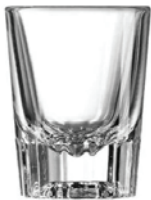
J6287 Fluted Whiskey 2oz
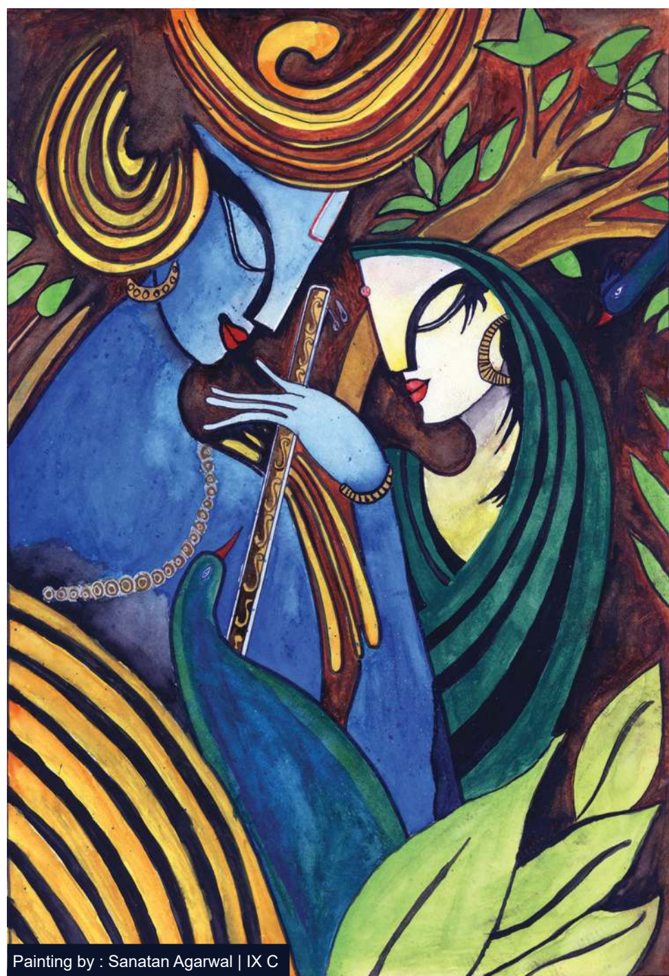
Painting by : Sanatan Agarwal | IX C
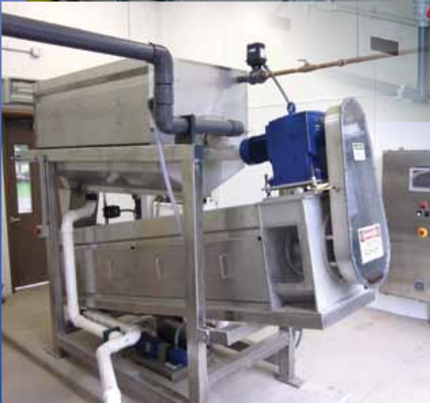
DSP Screw Press, Groton, NY WWTP
· · · · ·
-- ACTIVITY --
Copy the data word for word. Pictures do not go in the copy.

-- OUTPUT FOR THIS TASK --
J6287 Fluted Whiskey 2oz
Painting by : Sanatan Agarwal | IX C
DSP Screw Press, Groton, NY WWTP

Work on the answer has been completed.